▶ **Data below**
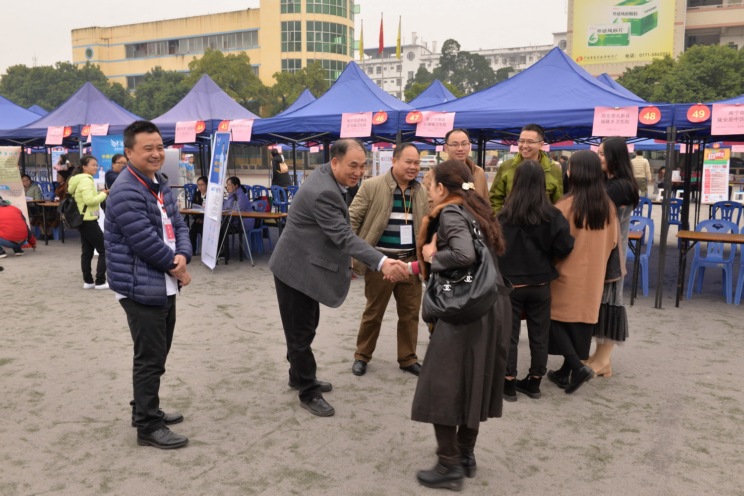高职院院长、附设中医学校校长刘竑清与用人单位亲切交谈
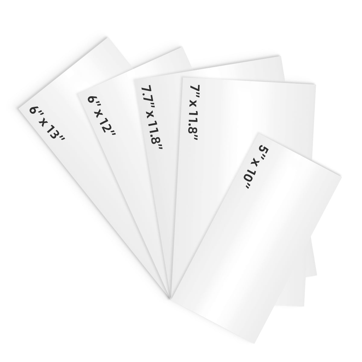 Available Sizes: 6×13", 6×12", 7.7×11.8", 7×11.8", 5×10" - Features: Even shrink, no bubbles, no cracking, clear high-quality transfer
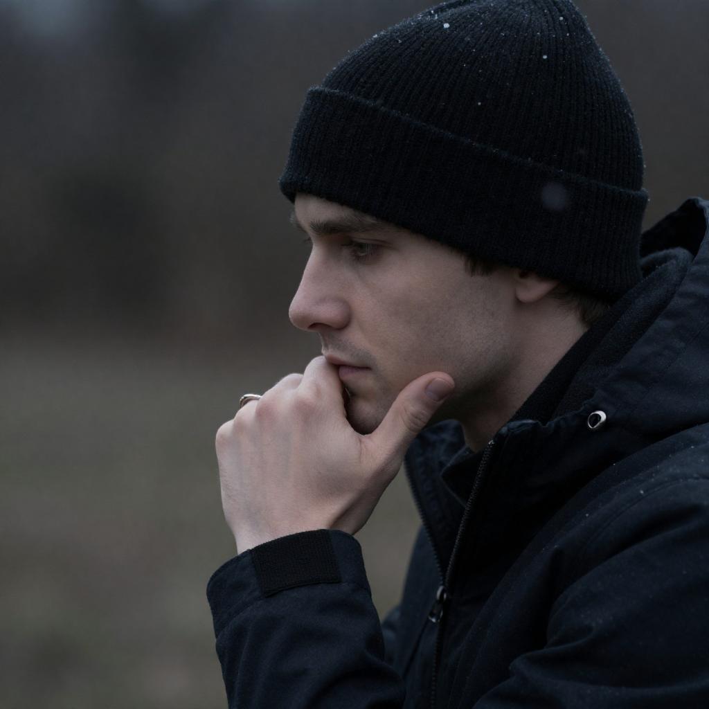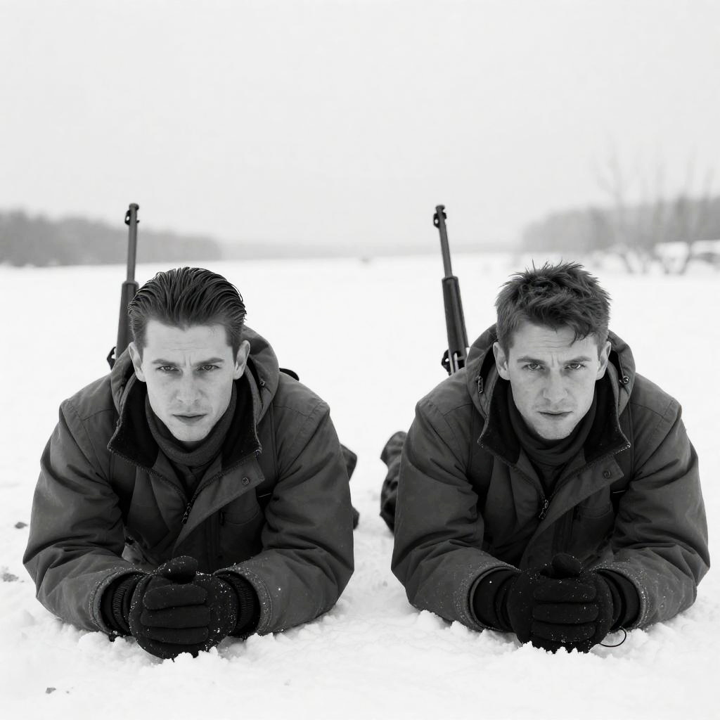 Photograph of two men in cold weather gear. Front man, light-skinned, black beanie, green jacket with patches, serious expression, looking right. Back man, light-skinned, fur hat, green jacket, partially obscured, calm expression, looking down. Overcast sky background.

▶ **The task**
Reprint the data verbatim, pictures excluded.

▶ **Completed task**
高职院院长、附设中医学校校长刘竑清与用人单位亲切交谈
 Available Sizes: 6×13", 6×12", 7.7×11.8", 7×11.8", 5×10" - Features: Even shrink, no bubbles, no cracking, clear high-quality transfer
 Photograph of two men in cold weather gear. Front man, light-skinned, black beanie, green jacket with patches, serious expression, looking right. Back man, light-skinned, fur hat, green jacket, partially obscured, calm expression, looking down. Overcast sky background.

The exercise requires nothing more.